After months of legal sniping and a six-week trial, a federal judge has approved AT&T’s $85 billion acquisition of Time Warner.
The deal, combining two media powerhouses into one giant, is expected to trigger a similar wave of media company mergers.
In his June 12 opinion, Judge Richard Leon of the U.S. District Court for the District of Columbia rejected the government’s notion that the deal was a violation of anti-trust law and suggested that the merger was a not-unreasonable move to buffer the challenges of a rapidly changing business space.
The deal, considered a “vertical merger,” because it brings together, in broad terms, a supplier and distributor means that Time Warner properties, including HBO, CNN, and Warner Bros., and Time Warner's other brands will become part of AT&T’s distribution system of smartphones and satellite networks, including DirecTV.
It was of note that Judge Leon emphatically urged the government not to exercise its option of seeking a stay of the decision and an appeal, because doing so would effectively kill the deal. AT&T and Time Warner’s agreement expires on June 21.
“If there ever were an antitrust case where the parties had a dramatically different assessment off the current state of the relevant market and a fundamentally different vision of its future development, this is the one,” Leon wrote. “Small wonder it had to go to trial!”
“The government claimed, in essence, that permitting the deal would lessen competition in the video programming and distribution market nationwide,” he explained. “Not surprisingly the defendants AT&T Time Warner and DirecTV strongly disagree. Their vision couldn't be more different. The video programming and distribution market they point out has been, and is, in the middle of her revolution where high-speed Internet access has facilitated a “veritable explosion” of new innovative video content … As a result of these tectonic changes brought on by the proliferation of high-speed Internet access, video programmers such as Time Warner and video distributors such as AT&T find themselves facing the stark reality of flat-lining television advertising revenues. Indeed, cost-conscious consumers increasingly choose the ‘cut’ or ‘shave the cord,’ abandoning their traditional cable or satellite TV packages for cheaper content alternatives available over the Internet. At the same time, Facebook and Google’s dominant digital advertising platforms have surpassed television advertising in revenue.”
Leon, in his opinion, stressed “the government has the burden of proof to demonstrate that the merger is likely to lessen competition substantially in the future.” Ultimately, it failed in that task.
As for a government appeal, Leon did his best to discourage such an action. A disruption of a June 20 deadline set by both companies would force AT&T to pay a $500 million “break-up” fee to Time Warner.
“There is a grave and understandable fear on the part of the defendants that the government will now seek to do indirectly what it couldn’t accomplish directly, by seeking a stay of this court order pending appeal to our circuit court,” he wrote.
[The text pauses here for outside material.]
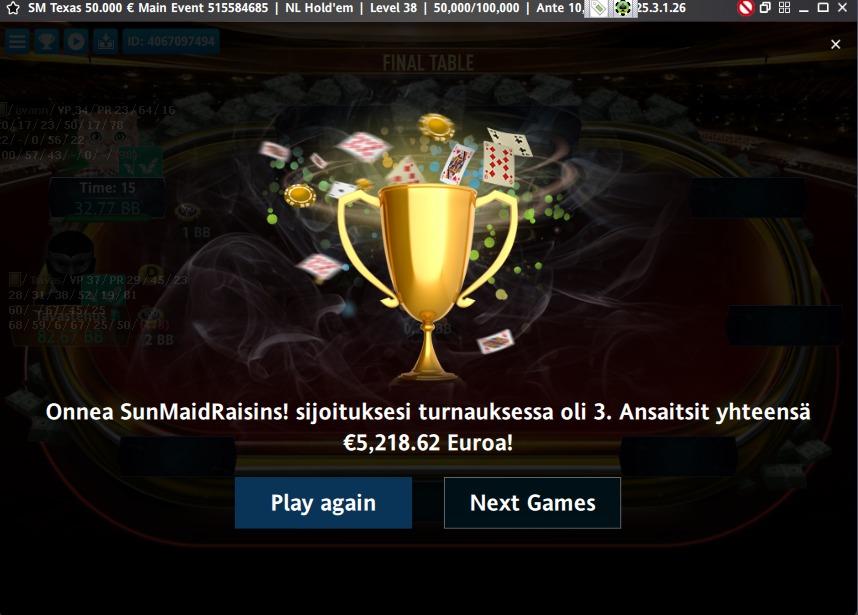 Maukkaan rahamäärän lisäksi näiden sunnuntaimajorien – pienempienkin – voittamisessa on jotain erityistä.Kakkospäivälle lähdettiin sijalta 12/12, siis hyvistä tarkkailuasemista. Aika lailla viimeisellä sijalla alkoi myös finaalipöytä. Mukavan struktuurin ansiosta sekin tarkoitti 20bb stäkkiä eikä kiirettä mihinkään. Parilla taidokkaalla ohivedolla (QQ > AA, AT > AJ) nousin keskistäkin tienoille, ja siitä olikin hyvä seurailla muiden pelaajien törmäilyä. 3 leftissä olin taas selvästi viimeinen, kunnes pöydän parhaaksi arvioimani pelaaja tippui kahdella peräkkäisellä biitillä ykköspaikalta ulos. Kaksinpeli aloitettiin sitten 30bb-130bb pinoilla vastustajan eduksi. Toista tuntia kestäneen kamppailun päätteeksi sain johtoasemassa merkit sisään AKo vs KQo. Kuin pisteenä i:n päälle jakaja tarjosi flopille rouvan ja riverille sielua hivelevän ässän. Olen tyytyväinen peliinikin (varsinkin heads-upissa), mutta kyllä tälle kakkospäivälle osuivat myös kaikki erilaiset hyvän runin muodot.

The consequence of doing so would bring “irreparable harm to the defendants.”
“I hope and trust that the government will have the good judgment, the wisdom, and the courage to avoid such a manifest injustice,” Leon added. “To do otherwise, I fear, would undermine the faith in our system of justice of not only the defendants but their millions of shareholders and the business community at large.”
“We are disappointed with the Court’s decision,” Assistant Attorney General Makan Delrahim said in a statement. “We continue to believe that the pay-television market will be less competitive and less innovative as a result of the proposed merger between AT&T and Time Warner. We will closely review the Court’s opinion and consider next steps in light of our commitment to preserving competition for the benefit of American consumers.”
Following the opinion, the Open Markets Institute, with a stated mission to “expose and reverse the stranglehold that corporate monopolies have on our country,” argued in support of the Government’s failed case.
“The decision is a big loss for the public. The vertical integration between a distributor, AT&T, and a creator of entertainment, Time Warner, paves the way for an even more concentrated and closed telecommunications industry. With Time Warner’s must-have content—including March Madness and HBO—AT&T will be able to hobble rival content distributors and dictate the terms on which competitors can participate in the market.” The group said in a statement. “Furthermore, the merger creates an effective duopoly in distribution in AT&T and Comcast (the other vertically integrated programmer-distributor). AT&T will be able to use Time Warner programming as a weapon to defend its business model, stifle existing and emerging competitive threats, and steer the trajectory of the industry.”
“Despite today’s defeat, the Department of Justice deserves credit for pursuing this case and should continue to challenge anticompetitive vertical mergers,” says Sandeep Vaheesan, policy counsel with the Open Markets Institute. “In recent years, government had responded to anticompetitive vertical deals by accepting complicated behavioral remedies. Breaking with recent practice, the DOJ recognized that the only way to preserve competition in the market for video programming and distribution was to block this deal.”